# is this the right silicone?



## allaboutfish (Jul 16, 2012)

i got premium waterproof silicone from walmart. its a walmart brand and is called silicone 2 clear. for window door attic and basement. it says 100% silicone on the bottle. it says 100% silicone is 100% water proof.
here it is
GE White Silicone II Window and Door Caulk: Sealants, Fillers & Adhesives : Walmart.com


----------



## Blackfeet (Jul 23, 2012)

First it is white not clear.

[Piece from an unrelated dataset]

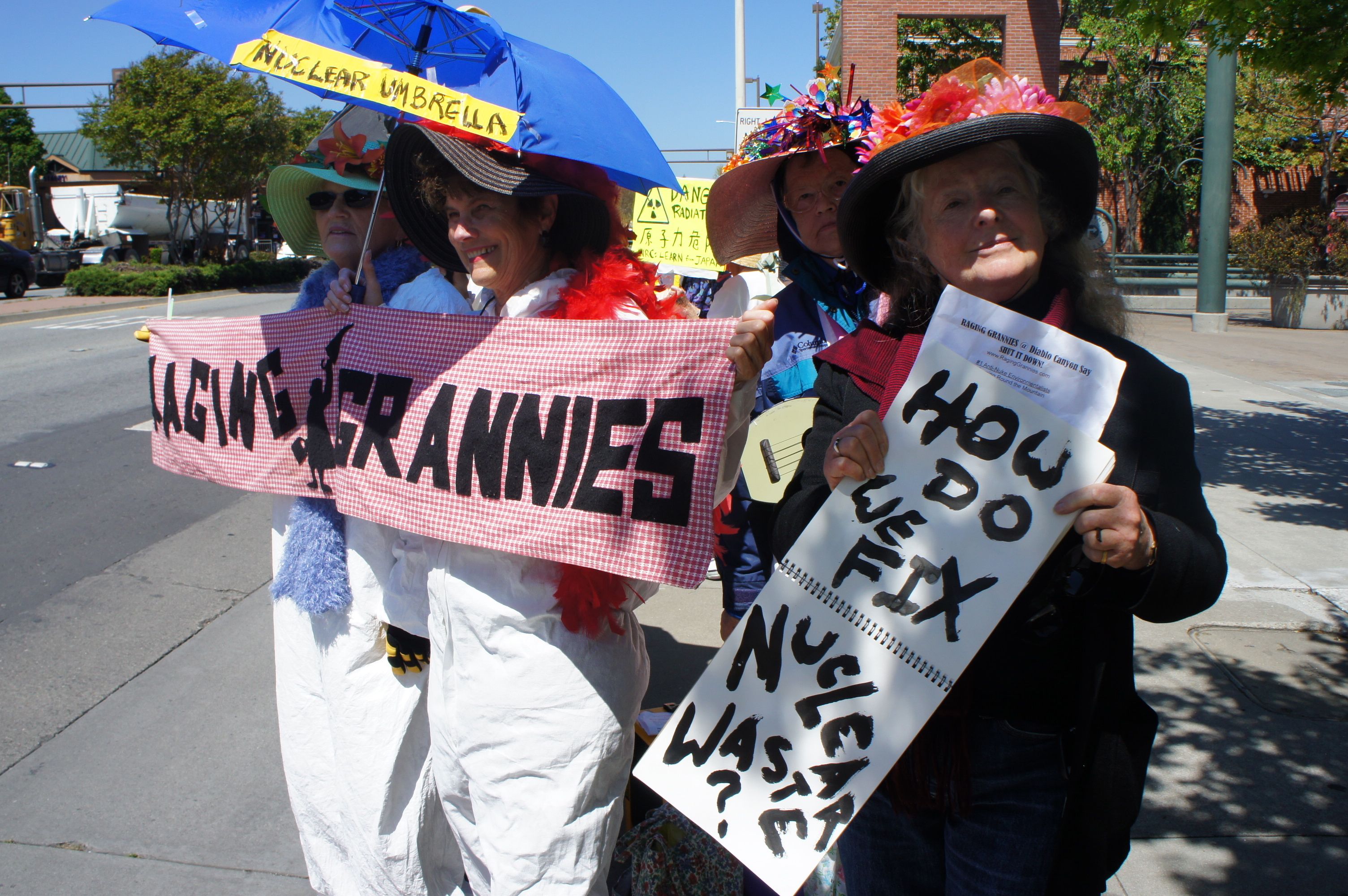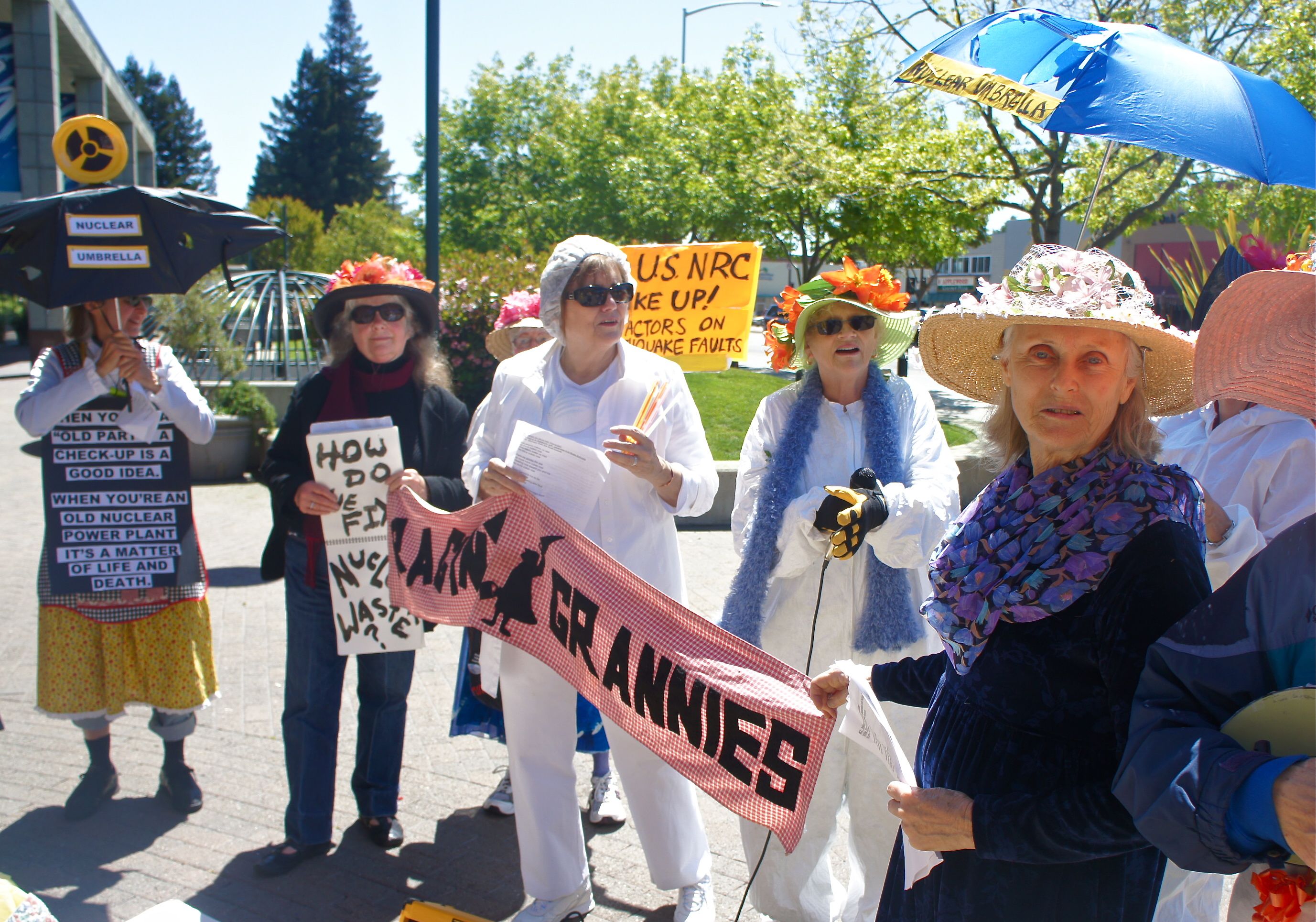 The Grannies spoke and sang for camera and video to remind the public to help get the message to the US Nuclear Regulatory Commission: PG&E owns the nuclear facility at Diablo Canyon and its motive is PROFIT, not safety. Don’t forget that PG&E is the same company that brought us the San Bruno disaster! Last month the Grannies talked to some USGS employees; they are unhappy that PG&E is spewing BS statistics the way Fukushima is spewing radiation.

Second for an aquarium I would never use anything but aquarium safe silicone, without knowing for certain that it was safe


----------



## allaboutfish (Jul 16, 2012)

mine says clear and 100% silicone


----------



## Reefing Madness (Jun 26, 2011)

GE Silione I
GE Silicone II 
If it has any mildew inhibitors in it, its not the correct type of silicone.


----------



## corwinlame (Sep 4, 2012)

First of all I want to tell you that the GE white silicone IIhttp://www.walmart.com/ip/GE-White-Silicone-II-Window-and-Door-Caulk/19902083 you want to show through the link is not operating there, I mean that display it is temporarily not available.


----------



## 1077 (Apr 16, 2008)

GE Silicone I is clear and safe to use although it may say not for aquarium use.
More of a disclaimer for the product or ..use at own risk.
Have used the GE silicone I to seal/repair tank's with no issues.;-)


----------